October in Chile: Event and Political Understanding: Toward a Popular Republicanism
- Author: Hugo E. Herrera
- Original title: Octubre en Chile: Acontecimiento y comprensión política: hacia un republicanismo popular
- Language: Spanish
- Subject: Political philosophy; Chilean politics
- Publisher: Katankura
- Publication date: 2019
- Publication place: Chile
- Media type: Print
- ISBN: 9789560942012

= Octubre en Chile =

2019 book by Hugo Herrera

October in Chile: Event and Political Understanding: Toward a Popular Republicanism (Spanish: Octubre en Chile: Acontecimiento y comprensión política: hacia un republicanismo popular) is a 2019 book by Chilean legal philosopher and political thinker Hugo E. Herrera. The work provides an early interpretative account of the 2019–2020 Chilean protests ("Estallido social"), advancing a philosophical diagnosis centred on the notion of a crisis of political understanding.

Written in the immediate aftermath of the protests, the book departs from explanations focused primarily on inequality or institutional failure, proposing instead that the crisis revealed a breakdown in the capacity of political actors and institutions to interpret social reality adequately.

== Overview ==

The book seeks to provide a conceptual framework for understanding the Chilean protests beyond standard socio-economic explanations. Herrera argues that the events of October 2019 cannot be fully explained in terms of material inequality or policy failures alone but must be understood as a crisis in the interpretative relationship between political institutions and society.

Drawing on traditions of political philosophy and hermeneutics, the work introduces the notion of political understanding as a key analytical category. According to this approach, political order depends not only on institutional design or distributive outcomes but also on the capacity of governing actors to grasp and articulate the lived experience of the population.

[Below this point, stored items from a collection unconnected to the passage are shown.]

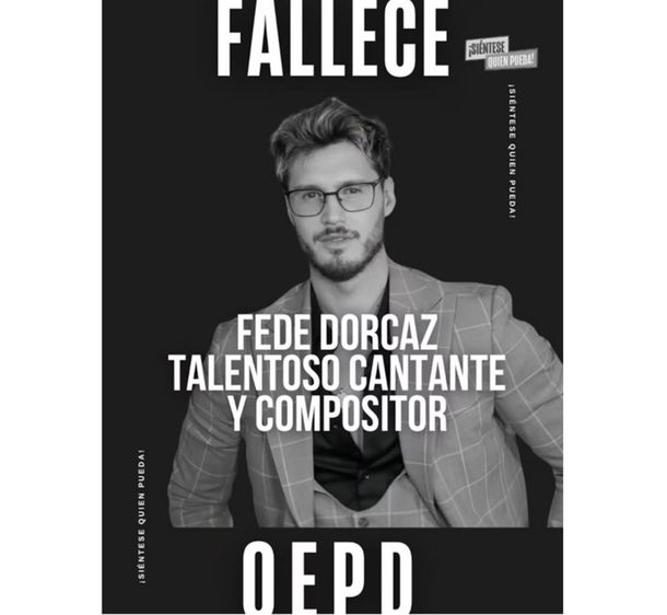 "Con profundo dolor despedimos a Fede Dorcaz. Cantante, compositor, modelo y artista, Fede nos dejó demasiado pronto, pero su talento, carisma y pasión por el arte vivirán para siempre en nuestros recuerdos y en la música que nos regaló".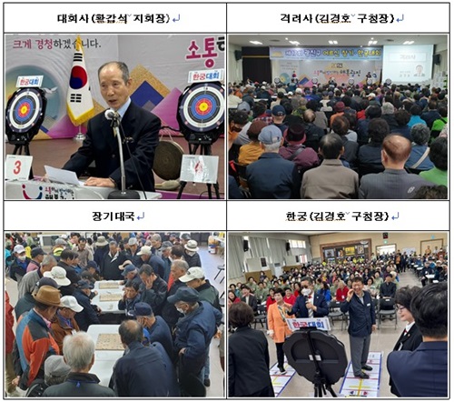 김경호 구청장은 격려사를 통해 장기⦁한궁대회는 어르신들이 화합하며 즐기는 행복한 시간이라며 심신의 활성화로 늘 활력이 넘치시기를 바란다며 어르신 복지 향상을 위해 더 열심히 노력하겠다고 말해 어르신들로부터 큰 박수를 받았다.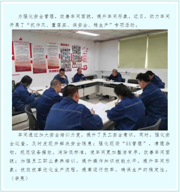 動(dòng)力車間開展“抓作風(fēng)、重落實(shí)、保安全、穩(wěn)生產(chǎn)”專項(xiàng)活動(dòng)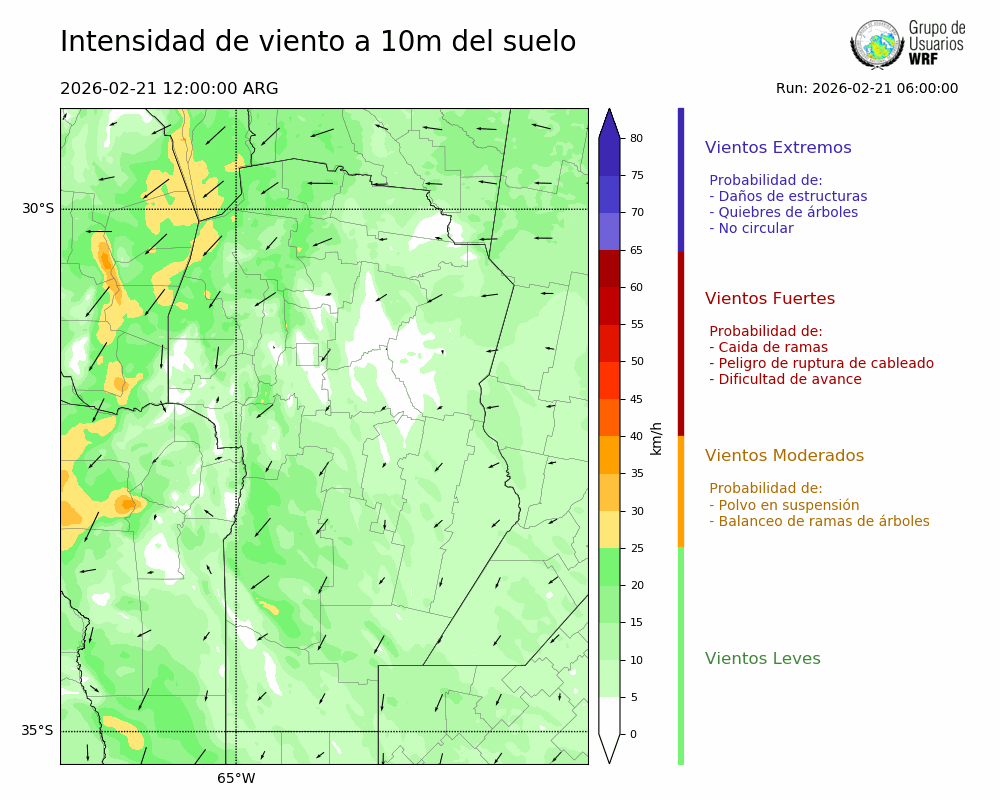 • Intensidad máxima: 14.45 km/h (21/02/2026 20hs.)

The book further develops the concept of popular republicanism, presented as a possible response to the crisis. This notion seeks to reconcile republican political traditions with a renewed emphasis on the role of the people as a bearer of political meaning.

== Main thesis ==

The central claim of the book is that the Chilean crisis should be interpreted as a crisis of political understanding. Herrera argues that:

- Political institutions failed to interpret social reality adequately;
- The crisis reflected a disconnection between formal structures and lived experience;

In this sense, the work proposes a shift from structural and economic explanations towards a hermeneutic account of political crisis.

== Reception ==

=== Academic reviews ===

The book has received several peer-reviewed academic reviews.

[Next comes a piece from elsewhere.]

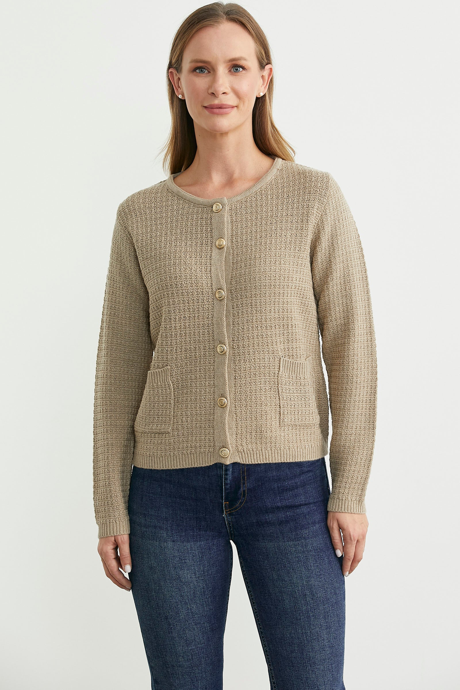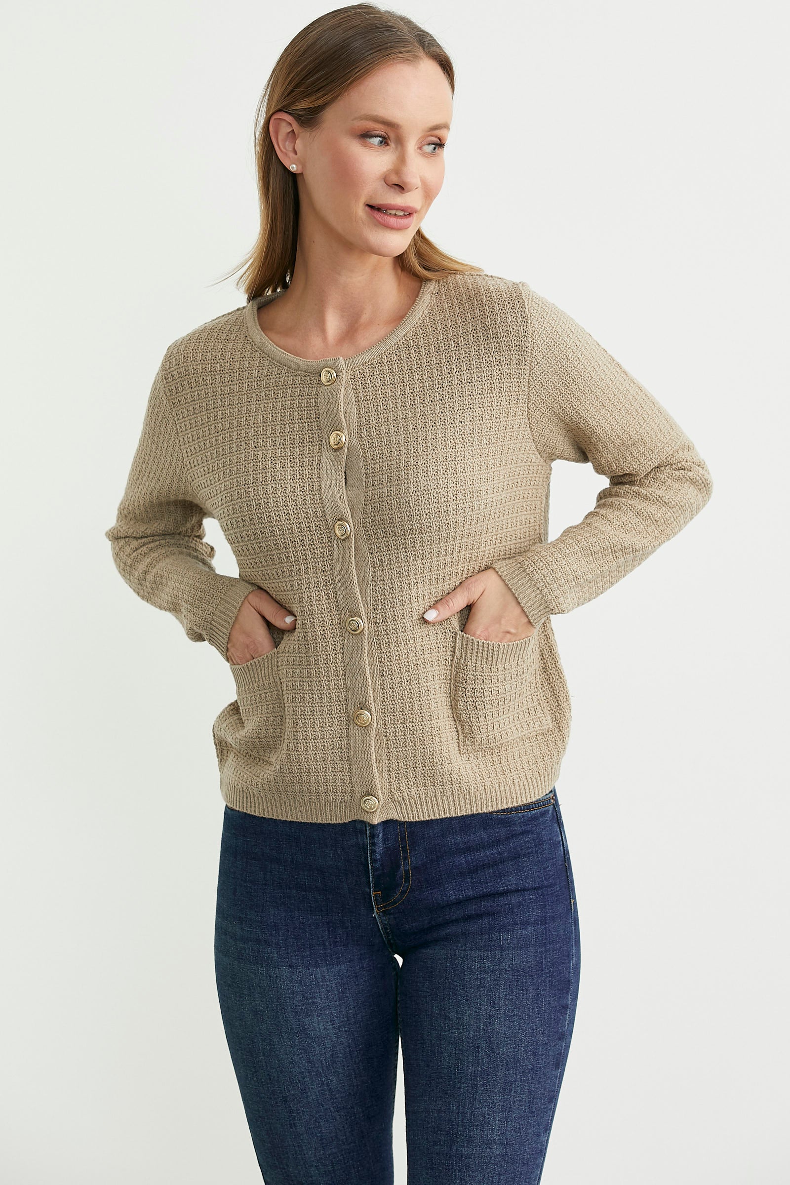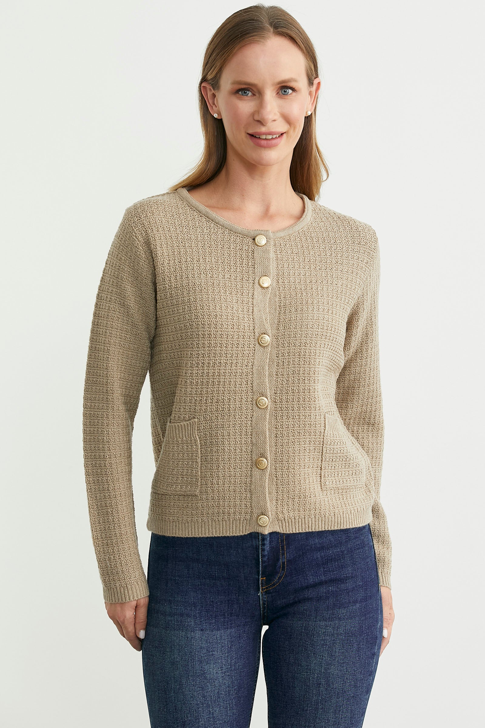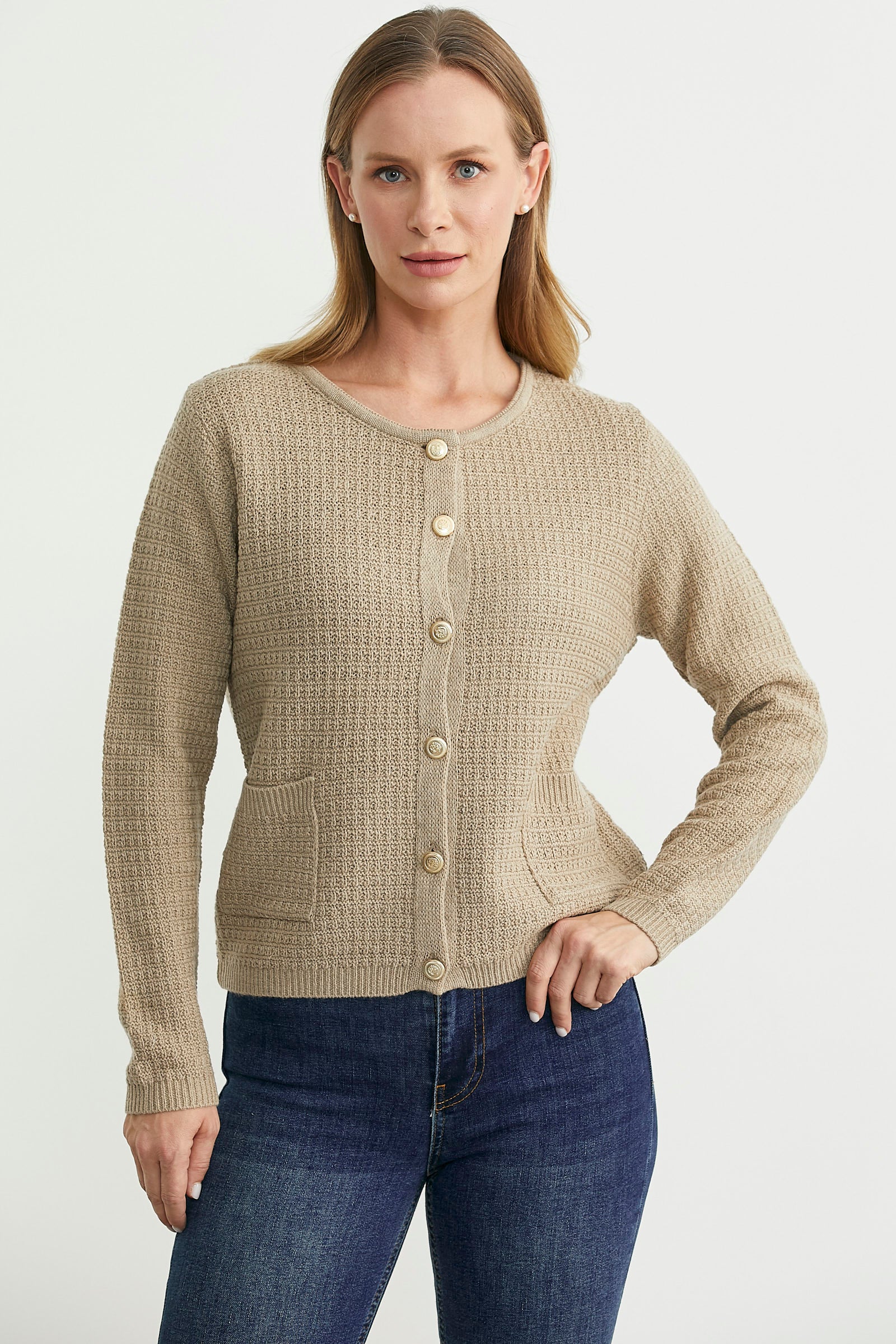 Dore Düğme Detaylı Yünlü Triko Hıırka - Bej

Ignacio Serrano del Pozo, writing in the Revista de Filosofía (University of Chile), highlights the originality of the work and its departure from conventional economic explanations of the crisis.

Luis Aránguiz Kahn, in Cultura & Religión, interprets the book as an early and conceptually ambitious intervention, emphasising its engagement with political theology and its attempt to articulate a broader interpretative framework.

Carlos Hoevel, reviewing the book in Estudios Públicos, underscores its effort to capture the philosophical and existential dimensions of the Chilean crisis.

=== Use in scholarly literature ===

Beyond dedicated reviews, the book has been cited and discussed in academic analyses of the Chilean uprising.

Luis Placencia includes the work in a broader examination of interpretations of the October events, engaging directly with its central thesis.

Danilo Martuccelli situates the book among a group of key works addressing the Chilean process in a comparative analysis of the literature.

The book has also been included in the bibliographies and interpretative frameworks of subsequent academic publications addressing the protests, including articles in journals such as Revista de Estudios Sociales, Perfiles Económicos, and the Revista de Humanidades de Valparaíso.

=== Intellectual context and implicit reception ===

Scholarly discussions of the Chilean protests have increasingly emphasised themes such as the crisis of representation, the disconnection between elites and society, and the symbolic and cultural dimensions of political unrest. Within this broader context, the book has been associated with a shift in the literature from predominantly structural and economic explanations towards approaches that stress interpretative and hermeneutic dimensions of political crisis.

Although not all such approaches explicitly cite Herrera’s work, the convergence of these themes has been noted in analyses that situate early interpretative texts within the evolving academic understanding of the Chilean uprising.

== Significance ==

The book is regarded as one of the early attempts to provide a systematic philosophical interpretation of the 2019 Chilean protests. Its significance lies in its effort to reframe the crisis as a problem of political understanding and to introduce conceptual tools for analysing the relationship between institutions and social experience.

It is often included among a group of works that sought to interpret the Chilean uprising beyond immediate policy debates, contributing to ongoing discussions on representation, legitimacy, and political order in contemporary Chile.